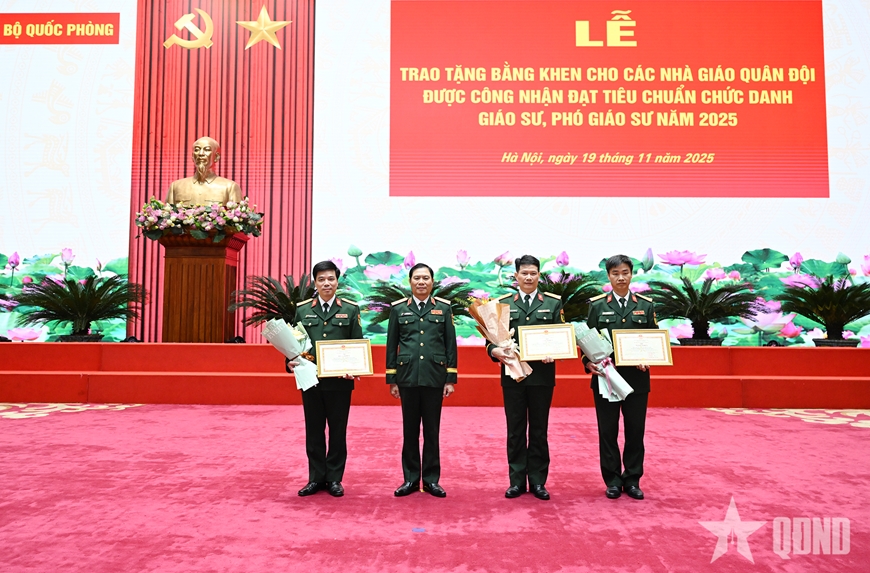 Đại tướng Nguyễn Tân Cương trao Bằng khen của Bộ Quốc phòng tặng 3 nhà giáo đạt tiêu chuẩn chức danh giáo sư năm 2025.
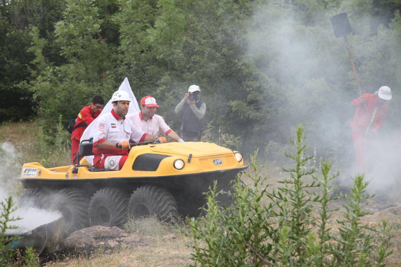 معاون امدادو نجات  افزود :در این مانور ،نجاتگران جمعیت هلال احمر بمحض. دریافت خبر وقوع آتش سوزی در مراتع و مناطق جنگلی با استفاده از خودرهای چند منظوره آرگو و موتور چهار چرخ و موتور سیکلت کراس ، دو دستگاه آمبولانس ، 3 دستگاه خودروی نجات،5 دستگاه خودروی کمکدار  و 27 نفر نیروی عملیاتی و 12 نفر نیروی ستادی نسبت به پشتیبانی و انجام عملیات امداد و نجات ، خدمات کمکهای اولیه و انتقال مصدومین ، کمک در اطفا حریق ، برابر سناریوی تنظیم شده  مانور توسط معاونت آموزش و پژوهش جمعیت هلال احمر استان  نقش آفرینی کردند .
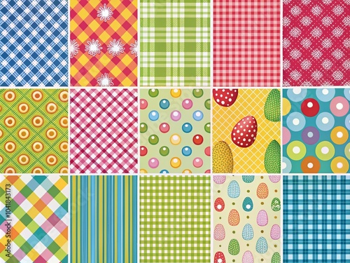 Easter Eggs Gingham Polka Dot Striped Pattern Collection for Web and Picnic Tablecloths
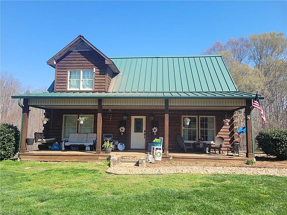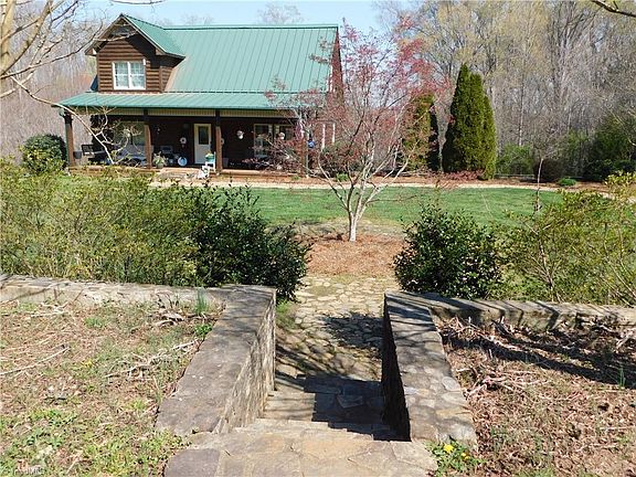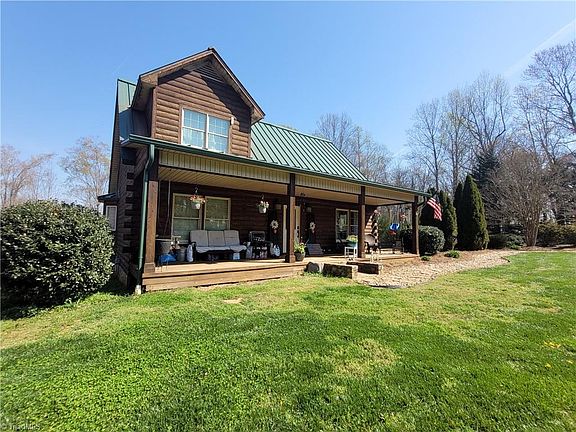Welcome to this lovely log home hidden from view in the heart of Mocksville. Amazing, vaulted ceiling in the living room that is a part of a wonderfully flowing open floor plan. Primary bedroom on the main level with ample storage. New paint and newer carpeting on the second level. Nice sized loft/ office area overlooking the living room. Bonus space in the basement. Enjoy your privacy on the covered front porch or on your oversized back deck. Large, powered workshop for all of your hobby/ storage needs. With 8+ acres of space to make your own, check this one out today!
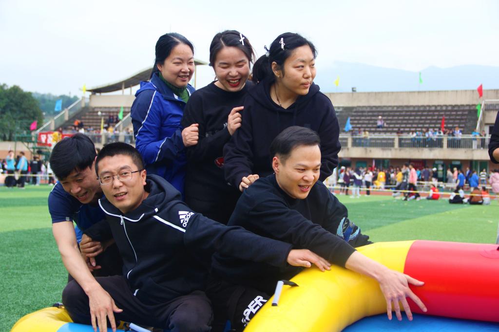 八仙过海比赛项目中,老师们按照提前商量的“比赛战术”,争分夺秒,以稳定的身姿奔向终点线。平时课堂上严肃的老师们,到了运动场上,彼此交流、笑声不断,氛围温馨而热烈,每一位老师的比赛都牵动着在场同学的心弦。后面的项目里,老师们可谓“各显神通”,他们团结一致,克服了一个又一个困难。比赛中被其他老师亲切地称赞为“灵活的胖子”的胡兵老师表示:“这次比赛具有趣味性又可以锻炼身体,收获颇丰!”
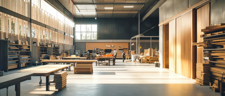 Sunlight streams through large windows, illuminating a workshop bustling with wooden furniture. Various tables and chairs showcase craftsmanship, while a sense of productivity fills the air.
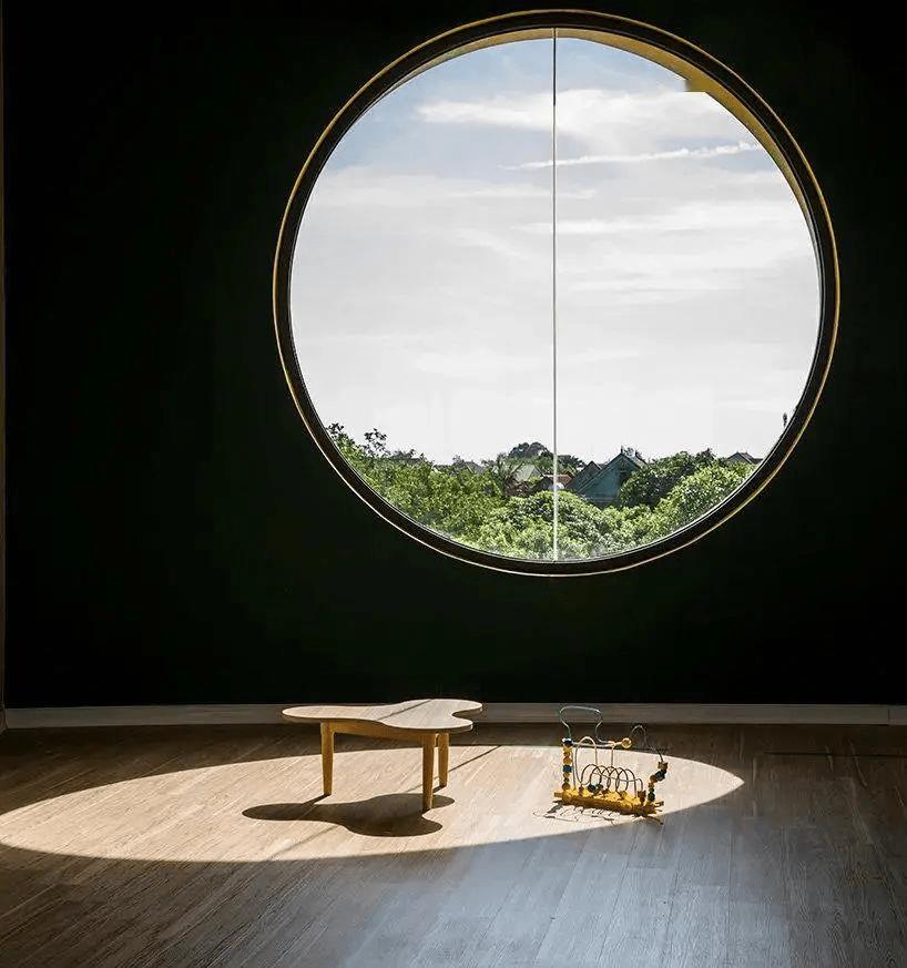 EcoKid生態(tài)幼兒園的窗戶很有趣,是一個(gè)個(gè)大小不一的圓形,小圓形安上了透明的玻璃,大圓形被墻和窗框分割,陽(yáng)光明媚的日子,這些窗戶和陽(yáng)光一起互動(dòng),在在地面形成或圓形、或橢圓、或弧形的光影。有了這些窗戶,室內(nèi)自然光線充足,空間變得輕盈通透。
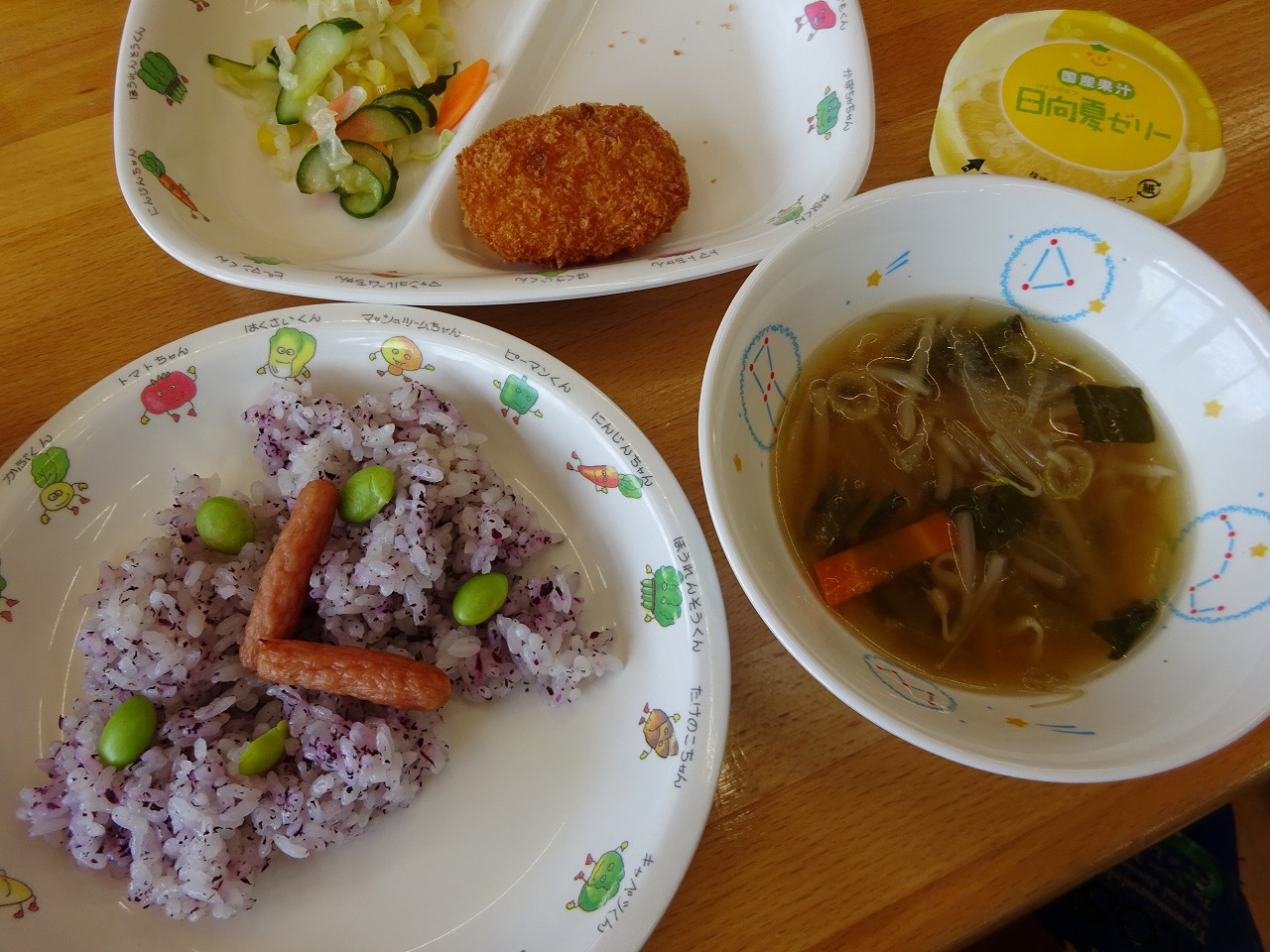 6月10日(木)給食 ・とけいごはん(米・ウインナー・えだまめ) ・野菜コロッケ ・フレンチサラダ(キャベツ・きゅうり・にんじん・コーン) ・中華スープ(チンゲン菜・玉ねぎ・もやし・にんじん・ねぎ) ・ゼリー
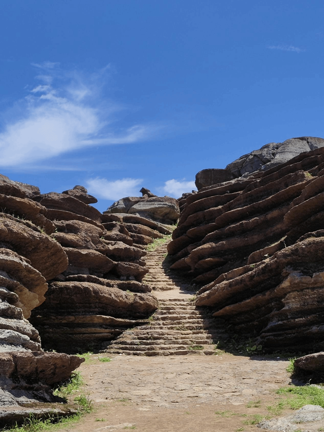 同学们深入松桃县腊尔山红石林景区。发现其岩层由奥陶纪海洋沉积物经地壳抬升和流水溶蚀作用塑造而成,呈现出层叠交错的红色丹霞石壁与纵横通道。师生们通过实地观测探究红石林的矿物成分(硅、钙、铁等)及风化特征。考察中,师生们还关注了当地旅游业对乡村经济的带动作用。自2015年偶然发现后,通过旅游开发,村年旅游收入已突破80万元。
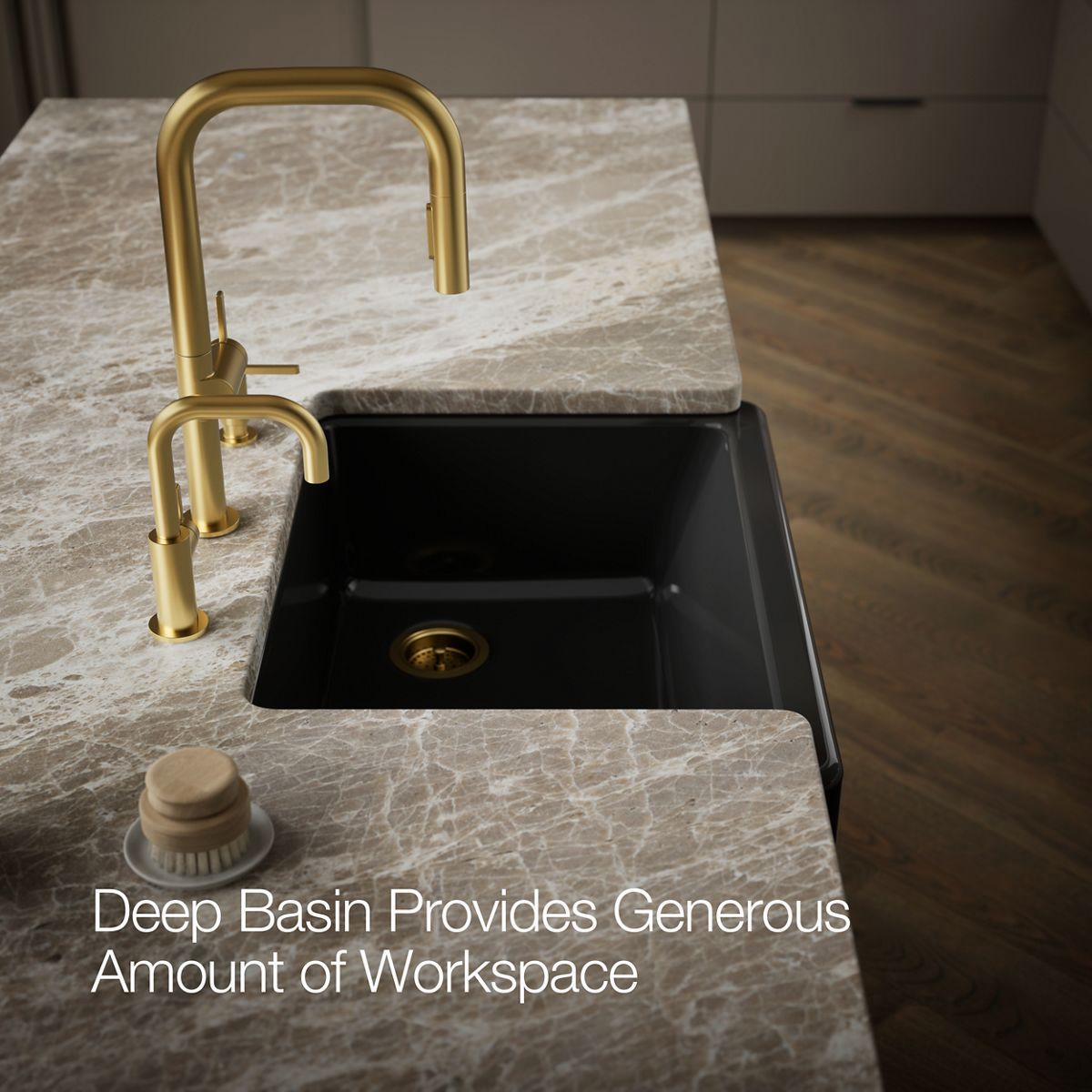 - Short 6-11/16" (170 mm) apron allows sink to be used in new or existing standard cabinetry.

====================

_Work to be completed_
Make an exact copy of the records above. Keep out every picture.

_Task result_
 Đại tướng Nguyễn Tân Cương trao Bằng khen của Bộ Quốc phòng tặng 3 nhà giáo đạt tiêu chuẩn chức danh giáo sư năm 2025.
 معاون امدادو نجات  افزود :در این مانور ،نجاتگران جمعیت هلال احمر بمحض. دریافت خبر وقوع آتش سوزی در مراتع و مناطق جنگلی با استفاده از خودرهای چند منظوره آرگو و موتور چهار چرخ و موتور سیکلت کراس ، دو دستگاه آمبولانس ، 3 دستگاه خودروی نجات،5 دستگاه خودروی کمکدار  و 27 نفر نیروی عملیاتی و 12 نفر نیروی ستادی نسبت به پشتیبانی و انجام عملیات امداد و نجات ، خدمات کمکهای اولیه و انتقال مصدومین ، کمک در اطفا حریق ، برابر سناریوی تنظیم شده  مانور توسط معاونت آموزش و پژوهش جمعیت هلال احمر استان  نقش آفرینی کردند .
 Easter Eggs Gingham Polka Dot Striped Pattern Collection for Web and Picnic Tablecloths
Welcome to this lovely log home hidden from view in the heart of Mocksville. Amazing, vaulted ceiling in the living room that is a part of a wonderfully flowing open floor plan. Primary bedroom on the main level with ample storage. New paint and newer carpeting on the second level. Nice sized loft/ office area overlooking the living room. Bonus space in the basement. Enjoy your privacy on the covered front porch or on your oversized back deck. Large, powered workshop for all of your hobby/ storage needs. With 8+ acres of space to make your own, check this one out today!
 八仙过海比赛项目中,老师们按照提前商量的“比赛战术”,争分夺秒,以稳定的身姿奔向终点线。平时课堂上严肃的老师们,到了运动场上,彼此交流、笑声不断,氛围温馨而热烈,每一位老师的比赛都牵动着在场同学的心弦。后面的项目里,老师们可谓“各显神通”,他们团结一致,克服了一个又一个困难。比赛中被其他老师亲切地称赞为“灵活的胖子”的胡兵老师表示:“这次比赛具有趣味性又可以锻炼身体,收获颇丰!”
 Sunlight streams through large windows, illuminating a workshop bustling with wooden furniture. Various tables and chairs showcase craftsmanship, while a sense of productivity fills the air.
 EcoKid生態(tài)幼兒園的窗戶很有趣,是一個(gè)個(gè)大小不一的圓形,小圓形安上了透明的玻璃,大圓形被墻和窗框分割,陽(yáng)光明媚的日子,這些窗戶和陽(yáng)光一起互動(dòng),在在地面形成或圓形、或橢圓、或弧形的光影。有了這些窗戶,室內(nèi)自然光線充足,空間變得輕盈通透。
 6月10日(木)給食 ・とけいごはん(米・ウインナー・えだまめ) ・野菜コロッケ ・フレンチサラダ(キャベツ・きゅうり・にんじん・コーン) ・中華スープ(チンゲン菜・玉ねぎ・もやし・にんじん・ねぎ) ・ゼリー
 同学们深入松桃县腊尔山红石林景区。发现其岩层由奥陶纪海洋沉积物经地壳抬升和流水溶蚀作用塑造而成,呈现出层叠交错的红色丹霞石壁与纵横通道。师生们通过实地观测探究红石林的矿物成分(硅、钙、铁等)及风化特征。考察中,师生们还关注了当地旅游业对乡村经济的带动作用。自2015年偶然发现后,通过旅游开发,村年旅游收入已突破80万元。
 - Short 6-11/16" (170 mm) apron allows sink to be used in new or existing standard cabinetry.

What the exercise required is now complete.